Kenya secures $2Bn Eurobond despite a downgrade and loss of access to an IMF standby credit facility

The issue was seven times oversubscribed making it one of the highest order book for an issue from Africa.

Kenya has announced the successful pricing of a new $2 billion (Sh203billion) Eurobond transaction despite a credit downgrade report from Moody and delayed access to standby credit facility from the International Monetary Fund (IMF).

The National Treasury on Thursday said the issue was seven times oversubscribed making it one of the highest order books for an issue from Africa.

This follows a roadshow in Europe and the US conducted with international investors resulting in a significant level of interest expressed in the issue.

“The fact that we got $14 billion  in investor appetite reflected the continued support the country receives.
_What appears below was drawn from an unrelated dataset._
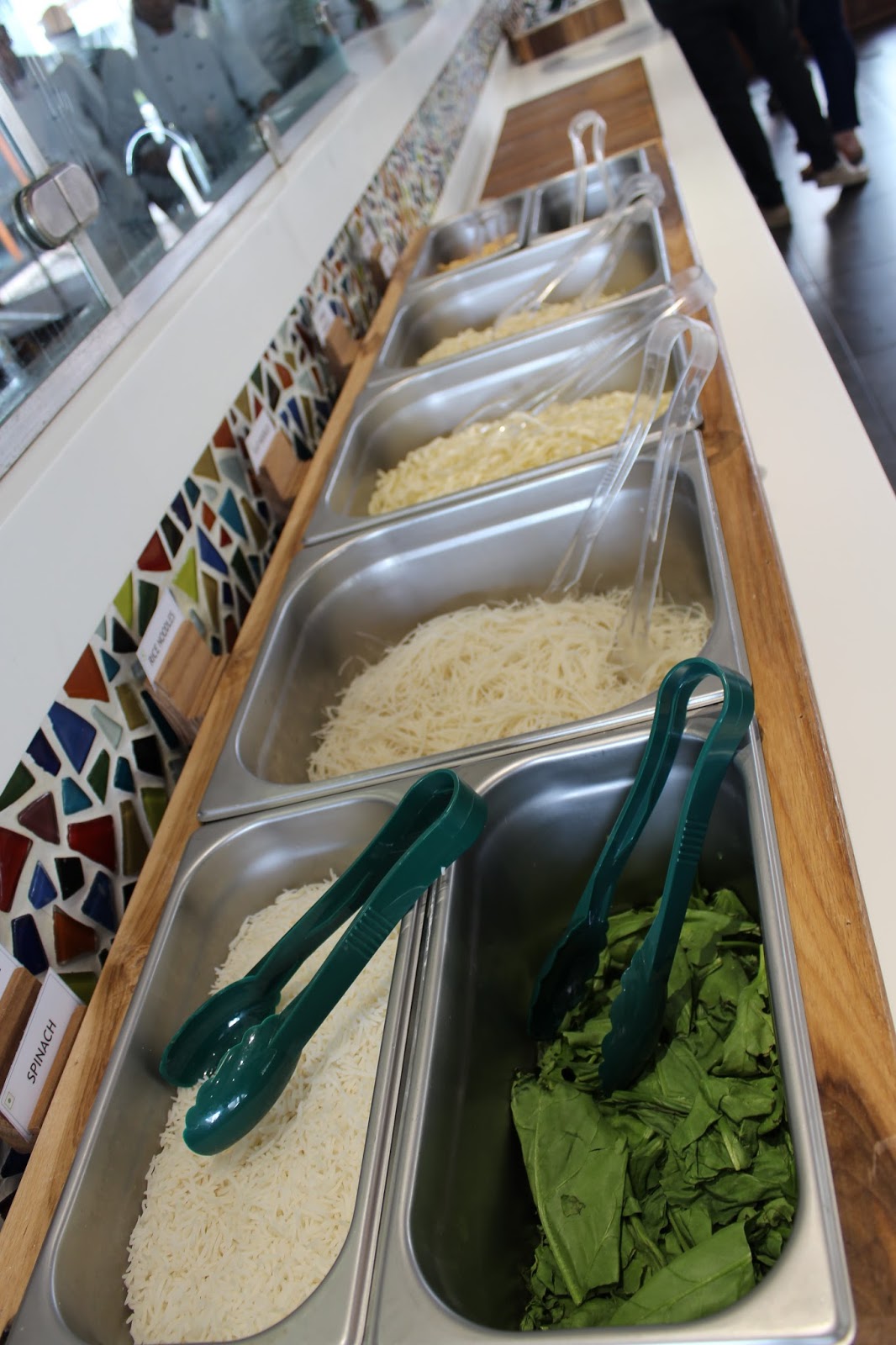 veggies and pass the bowl over the chef at the kitchen counter. You can

We now have a dollar yield curve stretching out to 30 years, making Kenya one of only a handful of governments in Africa to achieve this,” reads a statement from the National Treasury.

The Government will you use the funds for development initiatives and liability management.

Joint Mandated arranger Citi, JPMorgan, Standard Bank, Standard Chartered Bank, legal counsel, the LSE and the Irish stock exchange executed the transaction.

Last week, credit ratings agency Moody’s downgraded Kenya’s debt rating to B2 from B1 while officials were in the middle of the bond roadshow abroad, angering the government.

On the other hand, the International Monetary Fund said it had frozen Kenya’s access to a $1.5 billion standby facility last June, after failure to agree on fiscal consolidation and delay in completing a review.

Kenya’s total debt is about 50 percent of GDP, up from 42 percent in 2013. It has borrowed locally and abroad to build infrastructure like a new railway line from Nairobi to the port of Mombasa.

The finance ministry has published a plan to lower its fiscal deficit to 7 percent of GDP at the end of this fiscal year in June, from 8.9 percent in 2016/17, and to less than 5 percent in three years’ time.